A full-featured compiler for a statically-typed custom language, written in Java. This project implements a complete compiler pipeline including lexical analysis, parsing, semantic validation, and Java bytecode generation using ASM.

Overview

This compiler translates source code written in a custom language (.lang files) into executable Java bytecode. The compilation process follows a traditional multi-stage architecture with clear separation of concerns between lexing, parsing, semantic analysis, and code generation.

Language Features

The language supports:

Data Types:

  • int — 32-bit signed integers
  • float — 32-bit floating-point numbers
  • bool — boolean values (true/false)
  • string — immutable text strings
  • Arrays and custom structs

Control Flow:

  • if/else if/else statements
  • for loops
  • while loops

Operations:

  • Arithmetic: +, -, *, /, % (modulo for integers only)
  • Comparison: ==, !=, <, >, <=, >=
  • Logical: && (and), || (or), ! (negation)
  • String concatenation with +
  • Array/string indexing with []

Functions:

  • User-defined function declarations and calls
  • Optional parameters
  • Return statements

Built-in Functions:

  • bool !(bool) — negate a boolean
  • string chr(int) — convert character code to string
  • int len(string or array) — get length

Variables:

  • Type declarations with optional final keyword
  • Automatic type promotion (int to float in mixed expressions)

Architecture

The compiler is organized into four main pipeline stages:

1. Lexer (Lexer/)

Tokenizes source code into a stream of symbols. Handles keywords, operators, literals, and identifiers.

2. Parser (Parser/)

Builds an Abstract Syntax Tree (AST) from tokens using recursive descent parsing. The AST represents the program structure as nested expression and statement objects.

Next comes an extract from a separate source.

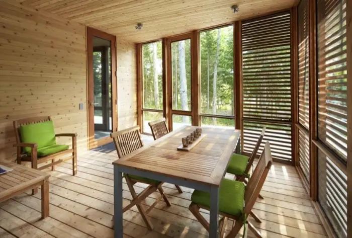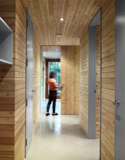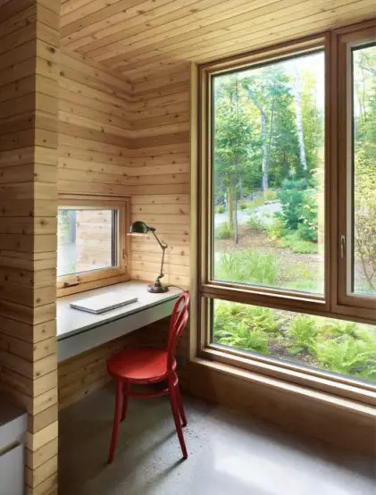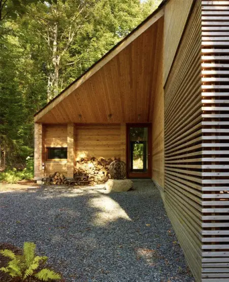 El diseño de esta casa de campo recoge la calidez de las cabañas tradicionales. Pero se resuelve finalmente con las líneas puras de la arquitectura contemporánea. Su construcción se realizó en un terreno que evitó la tala de árboles, empleando madera de cedro sostenible sin tratar. Esta madera con el tiempo va adquiriendo un color más grisáceo. Eso ayuda a camuflar el edificio dentro del bosque. La cabaña cuenta con estupendas vistas hacia el lago.

3. Semantic Analyzer (Semantic/)

Validates the AST for semantic correctness:

  • Type checking and type promotion rules
  • Symbol table management
  • Function and struct declarations
  • Variable scope and redeclaration checks
  • Throws SemanticException for violations

4. Code Generator (CodeGenerator/)

Translates the validated AST into Java bytecode (.class files) using the ASM library. Generates optimized bytecode with proper stack management and local variable allocation.

Building and Running

Prerequisites

  • Java 11+
  • Gradle

Build

./gradlew build

On Windows:

gradlew.bat build

Compile a Source File

./gradlew run --args="-compiler path/to/file.lang"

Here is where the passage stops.